Ансельм Кифер. Осирис и Исида. 1985-1987

Ансельм Кифер. Осирис и Исида. 1985-1987

Стартап-капитализм

Если, вслед за Джеймсоном, предположить, что постмодернистский субъект был создан с целью его подчинения корпоративной бюрократии — и что именно бюрократия была прослойкой между рабочей силой и властью в соответствующий, постиндустриальный период — то ясно, что такой субъект уже устарел и скоро будет уволен, а его бесконечные тексты и диссоциативные номенклатурные шутки будут забыты. Новый субъект, как мы постоянно об этом слышим, вынужден превращаться в сам себе стартап, воспринимать мир всей бесчисленностью своих нервных окончаний, держать руку на пульсе, глаз на ленте, ухо востро, смеяться над вещью и не верить в событие, но чувствовать тренды и воспринимать мир с его поверхности, ориентируясь исключительно на его текстуру — лишенную центра и каких-либо собственных (не фактических) границ. Речь все меньше может идти о знаниях в какой-либо знакомой форме, но, скорее, об интуициях, энергии, удаче и скорости реагирования.

Эти изменения связаны с рядом структурных изменений в производственных отношениях. Мы видим, как капитал перестраивается вокруг стартапов и посевных инвестиций: стремясь не пропустить ни одну возможность диспропорционального успеха, венчурная организация вкладывается во все начинания подряд, используя в качестве критерия оценки жизненную силу основателей; сам же стартап, всегда готовый к “pivot”, т.е. способный в одночасье поменять название, идею, работников и все соответствующие тексты, в итоге по своей сущности совпадает с телом его основателей, которые должны, таким образом, довести себя до “голой жизни” (эта идеология сполна описана, если не придумана, в текстах Пола Грэма). Инвестор не ищет контроля и эффективности, но ожидает “черных лебедей”, а потому от стартапа инвесторы не требуют никакой серьезной документации, отчетов и бизнес-планов; в итоге связь между телами работников и капиталом лишена какого-либо символического наполнения, она лишь существует как финансовый поток.
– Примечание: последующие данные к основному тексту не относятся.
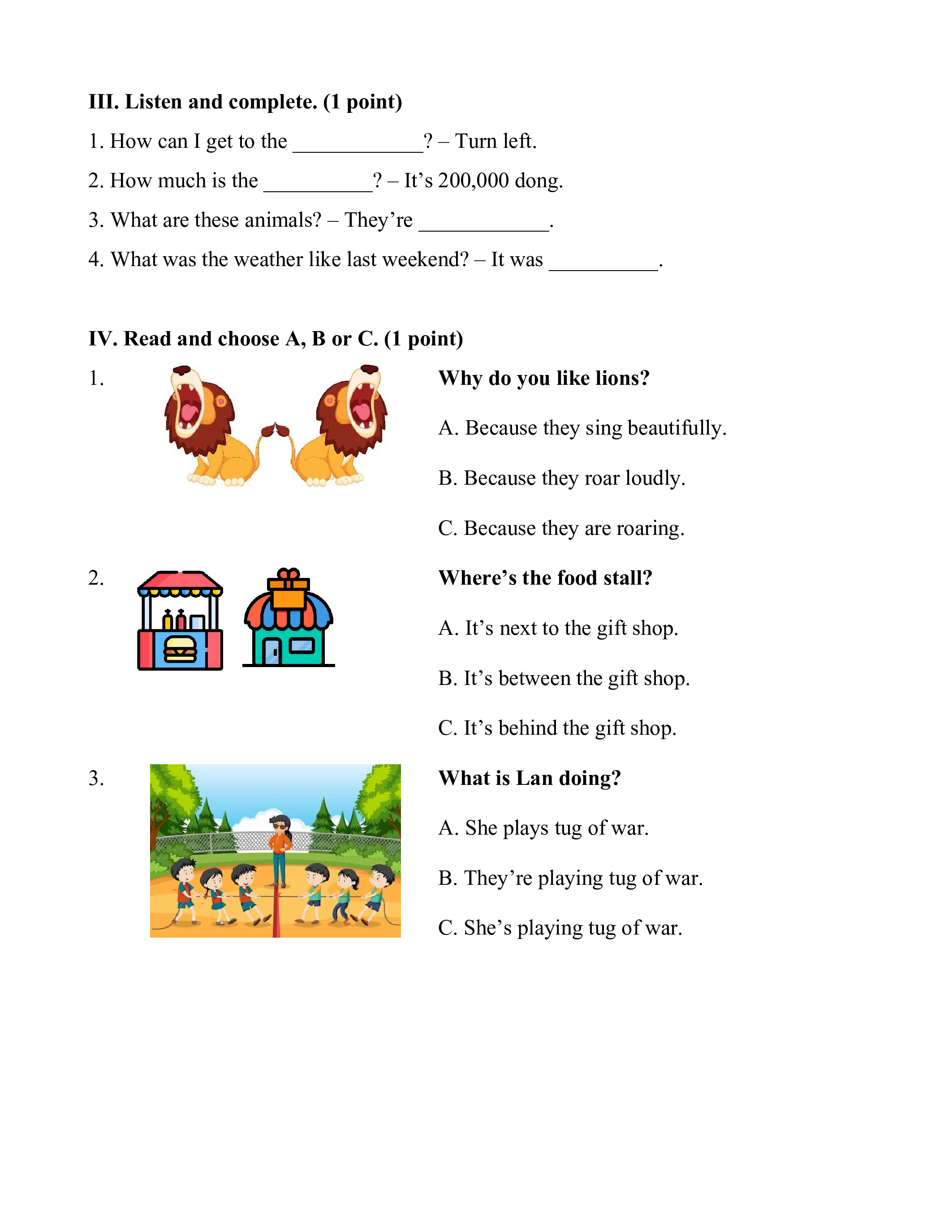 IV. Read and choose A, B or C. (1 point) 1. Why do you like lions?

При этом не только индивидуальные показатели отдельных стартапов не поддаются никаким предсказанию и контролю, но даже распределение прибыли между инвесторами (вообще держателями акций) в случае удачных исходов совершенно непредсказуемо. Кто именно разбогатеет в случае успеха стартапа, да даже и какую форму этот успех примет (тот или иной “выход”, IPO, какая-то продолженная форма прибыльного существования?) неясно до самого последнего момента — как показывает практика, это будет довольно непредсказуемый набор из инвесторов, основателей, сотрудников и даже каких-то случайных советчиков и аудиторов — когнитивный разрыв, шиздукция доведена до крайности.

На глобальном, интернациональном уровне мы могли бы предположить похожую модель, по мере того, как мультинациональные корпорации дают больше автономии менеджерам на местах, а сама мировая экономика определяется не столько спецификой бюрократического вмешательства запада в конкретные страны, но, скорее, ростом абстрактного долга стран третьего мира по отношению к странам первого за счет неограниченной печати долларов. Попытки же конкретного вмешательства в дела этих стран приводит к все более и более сложным и непредсказуемым результатам, которые невозможно даже однозначно оценить (ни по прибыльности, ни по улучшению политической ситуации, ни по победоносности войн), но приходится рассматривать как сложный рисунок, текстуру на поверхности того или иного государства, все больше, как это лучше всего видно прямо сейчас в Сирии, заполняющуюся непредсказуемым образом самыми разными акторами, вещами и эффектами. При этом сомнительно считать, что знания об этих акторах (уже давно более-менее доступные) как-то бы помогли выживанию (в Сирии, да и где угодно), скорее наоборот, любые попытки принимать решения на основе внешних по отношению к ситуации предположениях о целях и свойствах участников конфликта были бы глупы и даже смертельно опасны.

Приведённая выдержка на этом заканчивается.